Config File Precedence

Octo checks two locations for .env and .mcp.json, loading the first it finds:

File	Primary (checked first)	Fallback
`.env`	`.octo/.env`	`<workspace>/.env`
`.mcp.json`	`.octo/.mcp.json`	`<workspace>/.mcp.json`

For global installs (via uvx or uv tool), keep all config inside ~/.octo/ — create ~/.octo/.env and ~/.octo/.mcp.json. This way Octo works from any directory without a project-local workspace.

LLM Providers

Octo supports 7 providers. You only need to configure one — or mix multiple providers across tiers.

The simplest option — direct API access to Claude models.

ANTHROPIC_API_KEY=sk-ant-...
DEFAULT_MODEL=claude-sonnet-4-5-20250929

Uses Claude models via AWS. Requires AWS credentials with Bedrock access.

AWS_REGION=us-east-1
AWS_ACCESS_KEY_ID=...
AWS_SECRET_ACCESS_KEY=...
DEFAULT_MODEL=us.anthropic.claude-sonnet-4-5-20250929-v1:0

Bedrock model IDs include a region prefix (us., eu.) and version suffix (:0).

OPENAI_API_KEY=sk-...
DEFAULT_MODEL=gpt-4o

AZURE_OPENAI_API_KEY=...
AZURE_OPENAI_ENDPOINT=https://your-resource.openai.azure.com/
AZURE_OPENAI_API_VERSION=2024-12-01-preview
DEFAULT_MODEL=gpt-4o

Free tier available with a GitHub PAT.

GITHUB_TOKEN=ghp_...
DEFAULT_MODEL=github/openai/gpt-4.1

GitHub Models auto-routes to the right LangChain class:

github/claude-* → ChatAnthropic
Everything else → ChatOpenAI

Gemini 2.5 Flash, Pro, and Flash-Lite via Google AI Studio.

GOOGLE_API_KEY=AI...
DEFAULT_MODEL=gemini-2.5-flash

Also accepts GEMINI_API_KEY as an alias. Auto-detects Vertex AI from environment variables.

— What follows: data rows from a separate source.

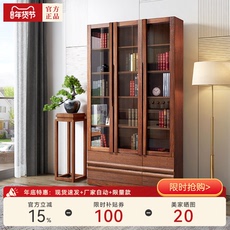 【摩卡】天坛书柜带门榆木板木家用组合衣柜新中式落书架带抽屉
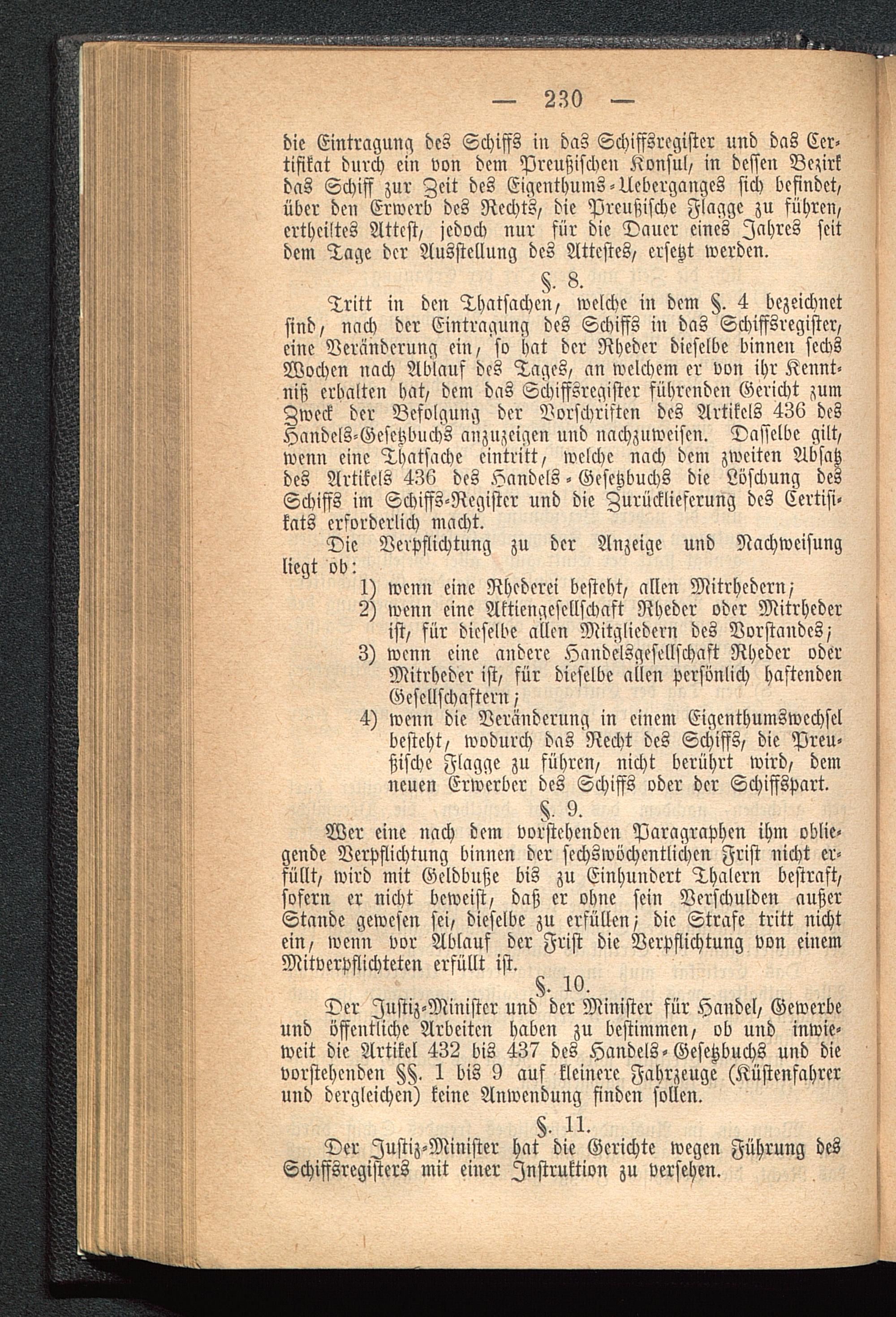 Der Justiz-Minister hat die Gerichte wegen Führung desSchiffsregisters mit einer Instruktion zu versehen.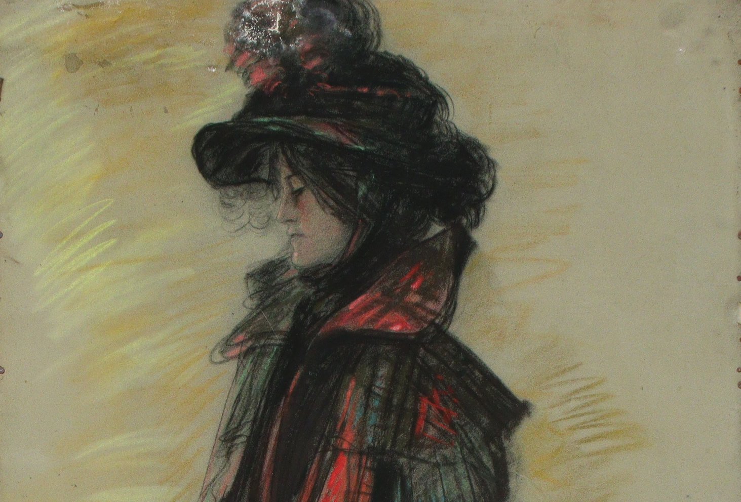 HENRY JULES CHARLES DE GROUX (1866-1930)Portrait de femme au chapeau...
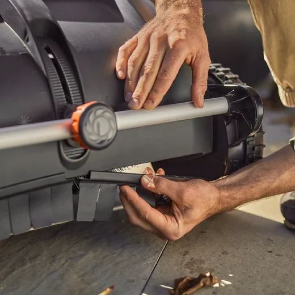 - Wszechstronna osłona przednia – poprawia zbieranie z niskiej trawy i tarasów.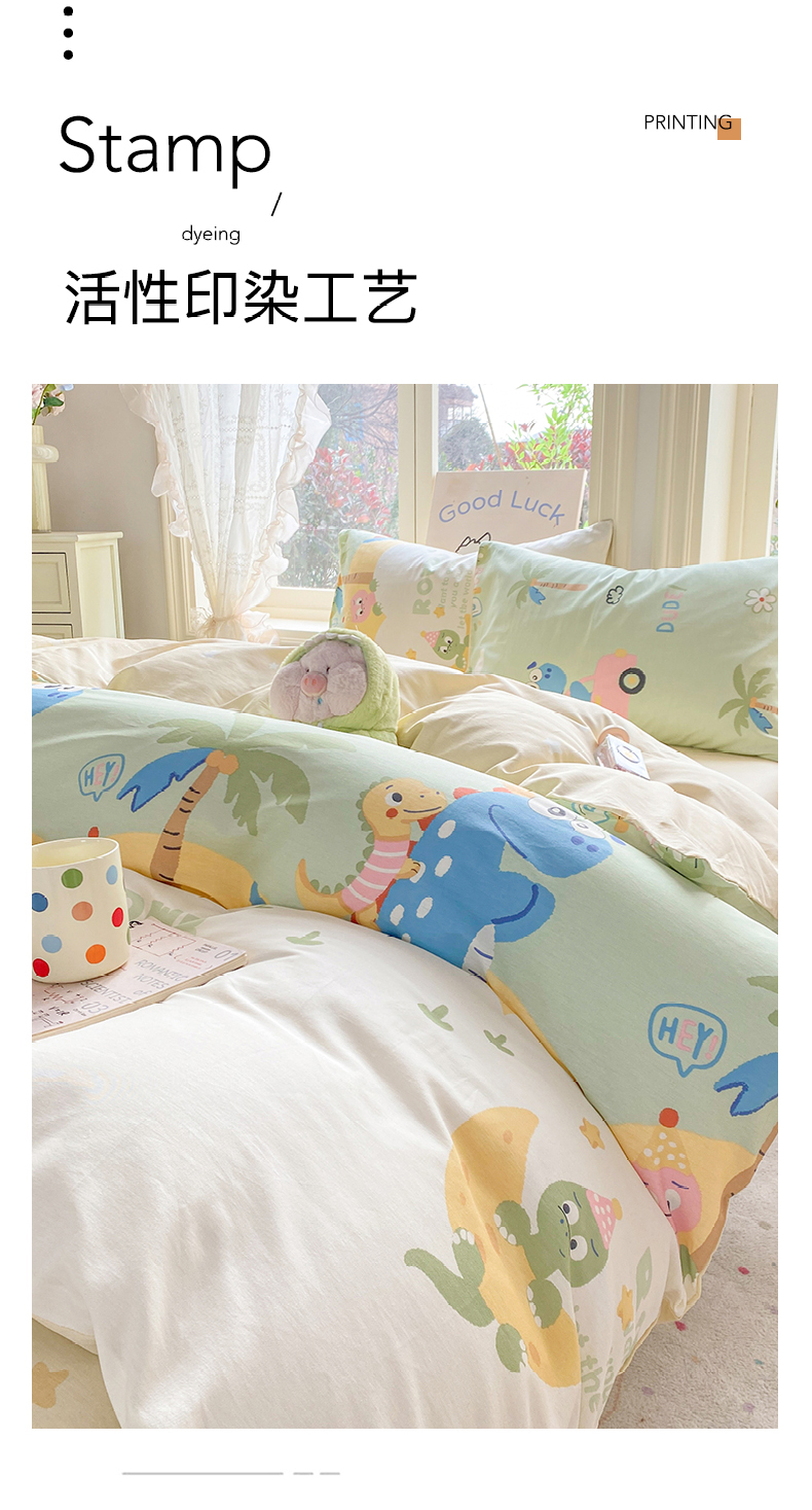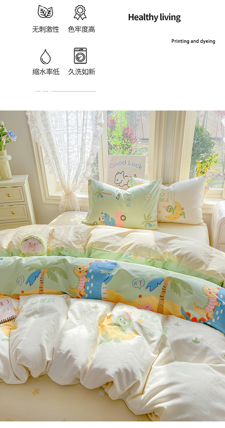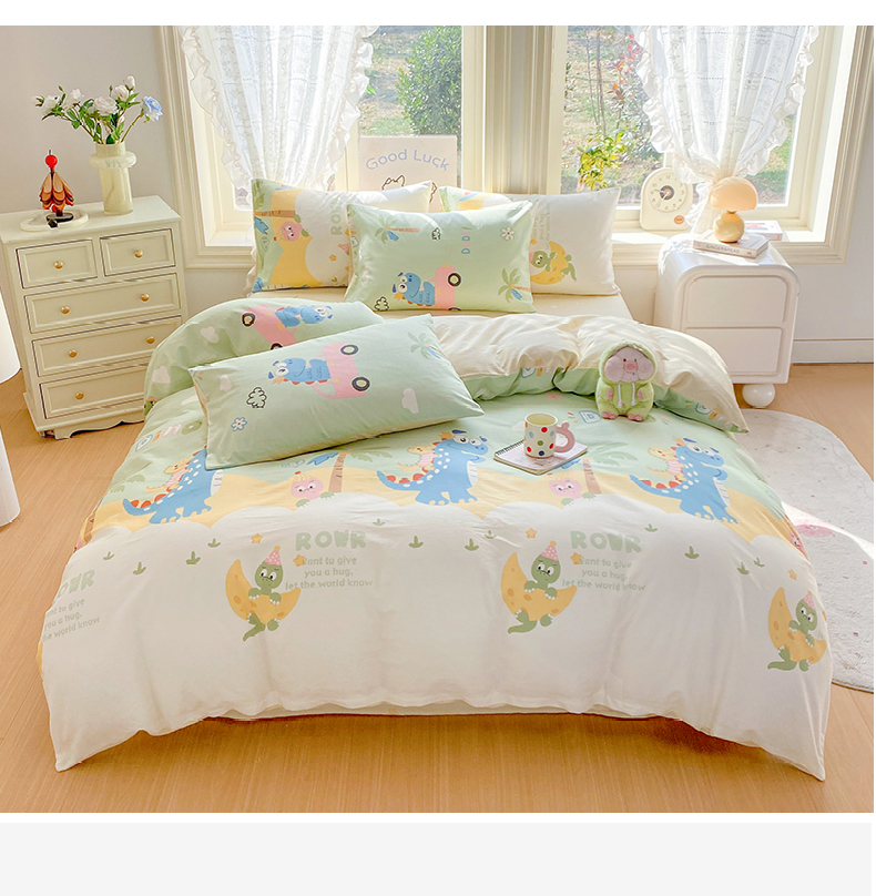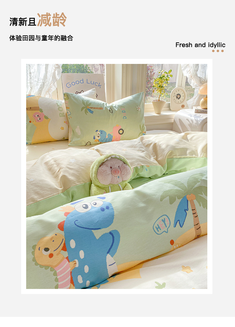 当前位置: 91家纺网 > 商品网购 > 床品套件 > 四件套 > 全棉普通四件套 > 黑马家居 2026新款13070全棉印花小清新卡通花卉四件套系列 恐龙派对

Any OpenAI-compatible endpoint — vLLM, Ollama, llama.cpp, etc.

OPENAI_API_BASE=http://localhost:8000/v1
DEFAULT_MODEL=local/llama3

The local/ prefix is required to distinguish from the openai provider. API key is optional (defaults to not-needed).

Auto-Detection

The model factory auto-detects the provider from the model name. Use the universal provider/ prefix for explicit routing, or rely on legacy heuristics for unprefixed names:

Model name pattern	Provider
`anthropic/claude-*`	Anthropic (prefix)
`bedrock/eu.anthropic.*`	AWS Bedrock (prefix)
`openai/gpt-*`	OpenAI (prefix)
`gemini/gemini-*`	Google Gemini (prefix)
`local/llama3`	Local / Custom (prefix)
`github/openai/gpt-4.1`	GitHub Models (prefix)
`claude-*`	Anthropic (heuristic)
`gemini-*`	Google Gemini (heuristic)
`eu.anthropic.`, `us.anthropic.`	AWS Bedrock (heuristic)
`gpt-`, `o1-`, `o3-`, `o4-`	OpenAI (heuristic)
`gpt-*` + `AZURE_OPENAI_ENDPOINT` set	Azure OpenAI (heuristic)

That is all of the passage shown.